Six Ridiculous Questions: Timmy Reed

The guiding principle of Six Ridiculous Questions is that life is filled with ridiculousness. And questions. That only by giving in to these truths may we hope to slip the surly bonds of reality and attain the higher consciousness we all crave. (Eh, not really, but it sounded good there for a minute.) It’s just. Who knows? The ridiculousness and question bits, I guess. Why six? Assonance, baby, assonance.

1. Most offensive: Misusing a bidet, wearing white after Labor Day, or serving red wine with fish?

Misusing a bidet is just plain cruel. I think people should wear white whenever they like. Red wine and fish are good friends.

What if someone did all three simultaneously, would that be offensive? And, if it’s not, can you think of three polite actions that if done simultaneously would be incredibly rude? What would they be? And would you do them? Or, rather, knowing how polite you are, how much money would you have to be paid to do them?

If someone did all three, I would probably fall in love with them.

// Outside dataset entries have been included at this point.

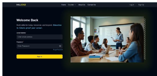
Fig. 5.1 Sign up Page

The sign-up and login pages provide secure authentication using JWT tokens, ensuring data privacy. New users can create an account with basic details, while existing users can log in to continue their learning journey. Error handling and validation enhance user experience by preventing invalid inputs.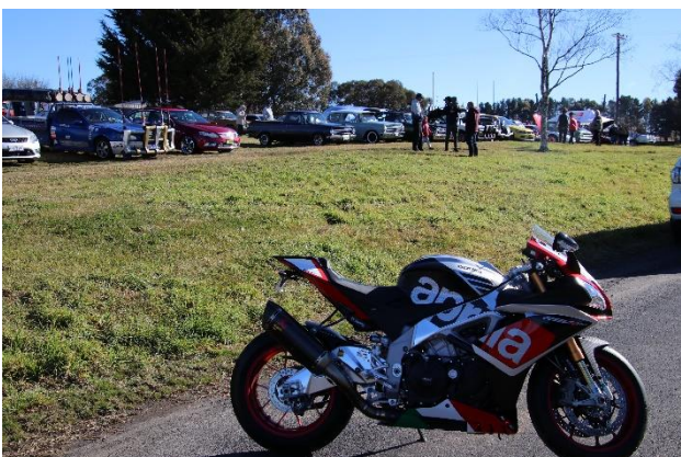
A fabulous Motor Bike at Oberon Railway Cars and Coffee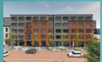
Renderings provided by Arnot Realty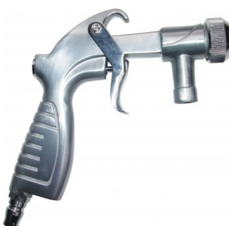
6SC0042 SANDBLASTING GUN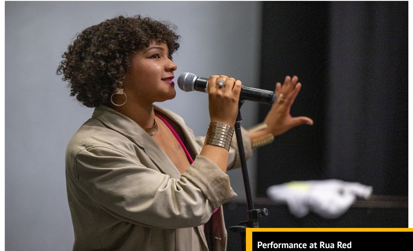
Performance at Rua Red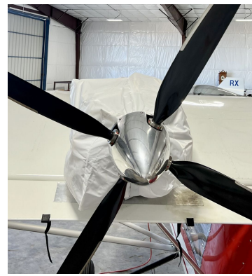
Lockwood Air Cam Engine Cover, test fit cover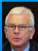
Hans-Gert Pöttering European Parliament President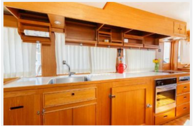
Galley with drop down storage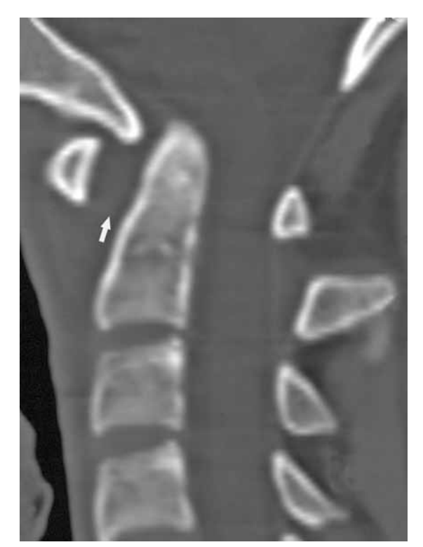
Figure 2. Sagittal computed tomography showing atlantoaxial subluxation.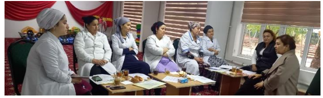
A training at the Children's Home - Detsky Dom

Children with disabilities require particular support and access to early childhood development services. Due to lack of early help and stigma they are the most at risk of being placed in institutional care. Child separation and institutionalisation has life-long consequences for children's development and wellbeing. Sadly, children with disabilities are also particularly vulnerable to violence, neglect, and abuse.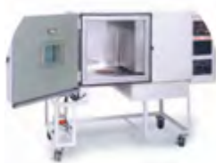
High or Low Temperature Storage Test Chamber Tenney BTC: -73°C to 200°C Enviro Oven MO384: 30°C to 300 °C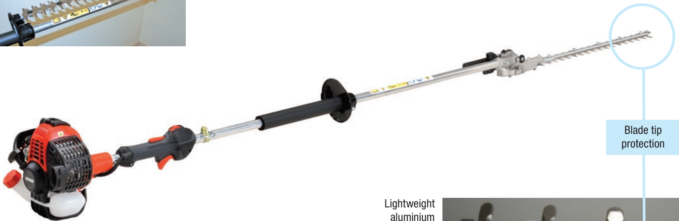
Blade tip protection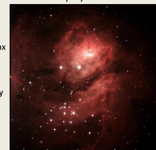
Figure 3 – The Lagoon Nebula imaged from the USU Observatory by Matt Wallace

Northern Utah Light Pollution Image by P. Cinzano, F. Falchi (University of Padova), C. D. Elvidge (NOAA National Geophysical Data Center, Boulder). Copyright Royal Astronomical Society. Reproduced from the Monthly Notices of the RAS by permission of Blackwell Science.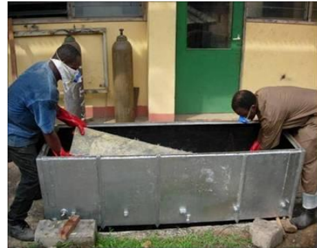
Fig. 2 Oil palm lumber being treated with preservative

Oil palm trunks of moisture content ranging from 100% to 120% were sawn in the forest into beams of thickness 50mm and lengths 1.8m and 2.4m using a chainsaw machine. The beams were immediately transported to the workshop of the Department of Construction and Wood Technology Education of the University of Education, Winneba for further processing. In order to protect the beams from insects attack, they were immersed into a preservative for three (3) days. The preservative was made up of 2 litres of Dursban 4E and 504 litres of water. Beams being treated with preservative are shown in figure 2. The preservative-treated boards were kiln dried to moisture content between 8% and 10%.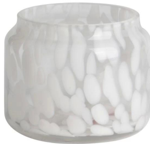
RXGQ78 Size: T7*B8.5*H6.7cm Capacity: 270ml/6.9oz Weight: 165g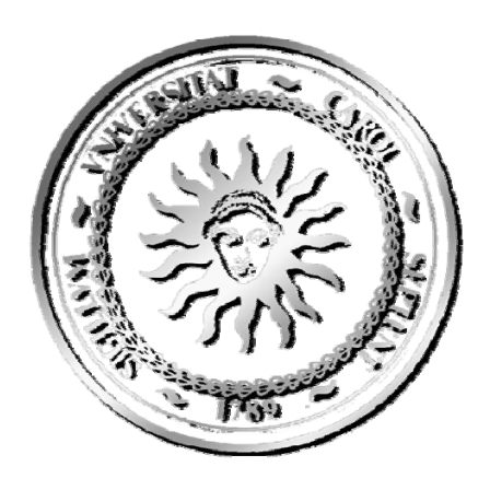
BOG Policy Discussion June 14, 2012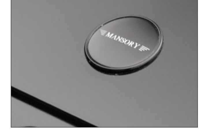
Engine bonnet emblem with logo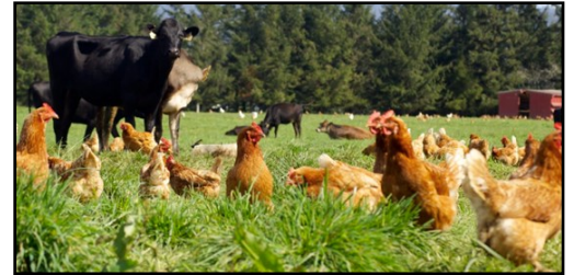
Rural scene with cows and chickens

It is time to start planning for the Rural Zone Designation's August 2024 deadline. To be eligible, communities must have a population of 15,000 or fewer, have a concentration of historic commercial structures, and must be economically distressed as defined by the Georgia Department of Community Affairs. Additionally, communities should comply with the state requirements, submit a feasibility study or market analysis, and must submit a master plan or strategic plan.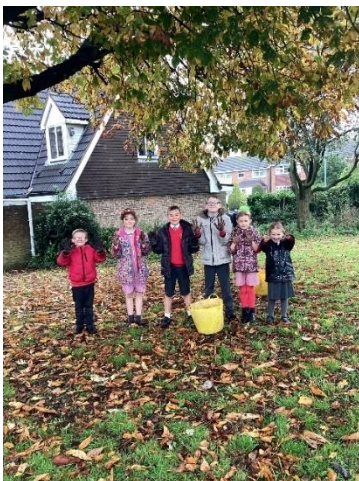
Haughton's Eco Council and Christmas Shoe Box Appeal

A huge thank you to everyone who contributed and supported this wonderful cause.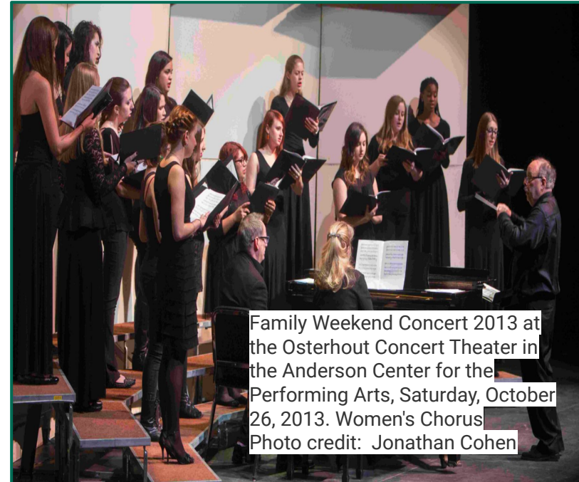
Family Weekend Concert 2013 at the Osterhout Concert Theater in the Anderson Center for the Performing Arts, Saturday, October 26, 2013. Women's Chorus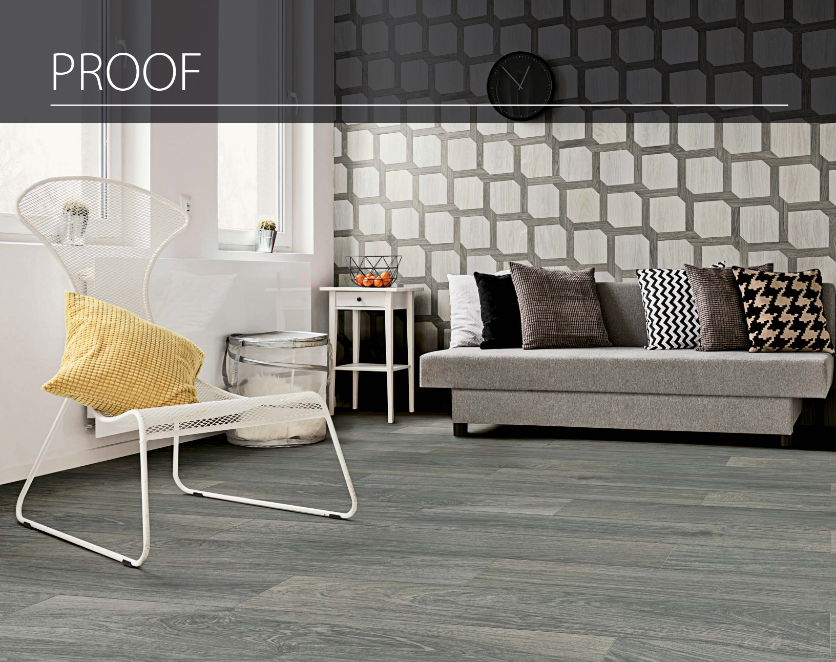
above: DIS40 8x48 Proof & DIS75M10x13TWI Twist Cool Mosaic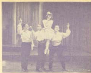
2704—BALLET DANCER'S NIGHTMARE

I would probably fall in love with anyone though. If I could pick three annoying things though it would be pick at their fingernails, pick at their toenails, and eat their toenails. I would suffer all three for money though. I would suffer any annoyance for cash, I guess. I am a writer so also poor.


2. What’s the least successful product McDonald’s could produce that you would secretly love, the McWhat? Discuss.

The McCreme Brulee Salad. Sometimes I like to eat appetizers and dessert together.

Wow, that sounds horrible, The McCreme Brulee Salad, I mean. The idea of apps and desserts working in combo has a certain allure. What would your dream meal be?

I would like a lot of oysters, followed by barbeque, followed by a shared dessert, followed by hand-holding with strangers that have obviously bad intentions.


3. What would life be like as a Q-Tip?

Please tell me someone is actually hiring for this gig. My CV is perfect for it. I think life would be warm stuffed inside someone’s ear canal, rocking back and forth lightly in wax. Plus, because there are two ends to a Q-Tip, it would be almost like having two lives.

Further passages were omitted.